East of Atlanta, Stoneman's 2,200 men broke camp along the South Fork of Peachtree Creek and rode into Decatur, where they joined Garrard's 4,000 troopers before heading east on the Covington Road.
After crossing the Chattahoochee on July 27, McCook waited while engineers dismantled the pontoon bridge and loaded it into wagons. Colonel Tom Harrison arrived with another 1,400 troopers, swelling the column's strength to 3,000 men. McCook planned to haul the pontoons downstream and cross the river that evening near Campbellton. However, weary mules delayed his progress and Confederate pickets watching from the opposite riverbank, kept him moving to Smith's Ferry six miles beyond. On the afternoon of July 28, as soon as the last pontoon was in place, he hurried his men across the river.
A day behind schedule, McCook sent Major Nathan Paine and the 1st Wisconsin Cavalry toward Campbellton to distract any pursuing Confederates. McCook and his raiders charged into Palmetto about 6:00 p.m., burned the depot, and tore up several hundred yards of the Atlanta & West Point Railroad.

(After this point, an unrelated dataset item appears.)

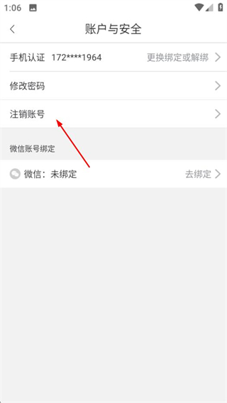 4、账户与安全页面点击注销账号可进入申请注销页面。
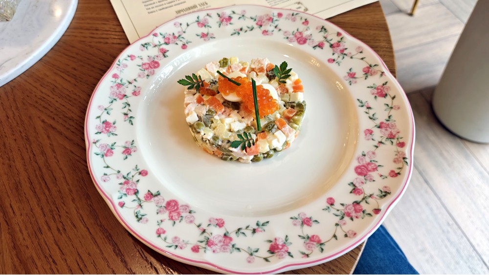 «Нисуаз» с консервой за 1000 — спасибо, Аня, но нет. «Оливье с пастрами» в фестивальном-сысоев-меню, честнее назван в базовом — «Оливье с пастрами из индейки» (770). Точно бы не повторил: немного, скучновато, суховато, холодно, от этого дежурно, как вытащили из холодильника и НА. Да, нарезка дисциплинированно прекрасна, в столовой не положат такую копчёную птицу — она и правда настоящая звезда, там не украсят красной икрой, а в остальном, боюсь, там будет ярче и интереснее есть. Пока «нет», ни за 330, ни за 770.

Continuing southeast, they rode all night. Shortly before dawn, they surprised and captured 1,100 Confederate supply wagons parked on either side of Fayetteville. After capturing the teamsters, burning the wagons, and sabering hundreds of mules, the column headed east, reaching the Macon & Western Railroad at Lovejoy's Station early on July 29.
Seeing no sign of Stoneman, McCook sent scouts north and east while the rest of his men began pulling down telegraph wires and tearing up track. His scouts soon returned and reported cavalry coming fast, but not Stoneman's. Instead, they saw Confederate cavalry and Major General Joe Wheeler riding hard toward them.
To General John Bell Hood, McCook's activity seemed a diversionary tactic related to movement of the Union infantry toward his left. Reports of Stoneman's activity had Wheeler convinced the Yankees intended to cut the Macon railroad. Wheeler requested permission to pursue. Hood agreed but wanted Wheeler to remain near, sending only the troops he could spare "to bring the raid... to bay." Wheeler sent three brigades led by Brigadier General Alfred Iverson, Jr. Late on July 27, Wheeler was released to join the pursuit. Overtaking Iverson, he learned Garrard had halted at Flat Shoals on South River while Stoneman's command continued toward Covington.
Keeping only one regiment, Wheeler ordered Iverson to "follow Stoneman rapidly and attack him wherever found." Early on July 29, Wheeler received Hood's warning that Union raiders were approaching from the west, so he and his men rode toward Jonesboro.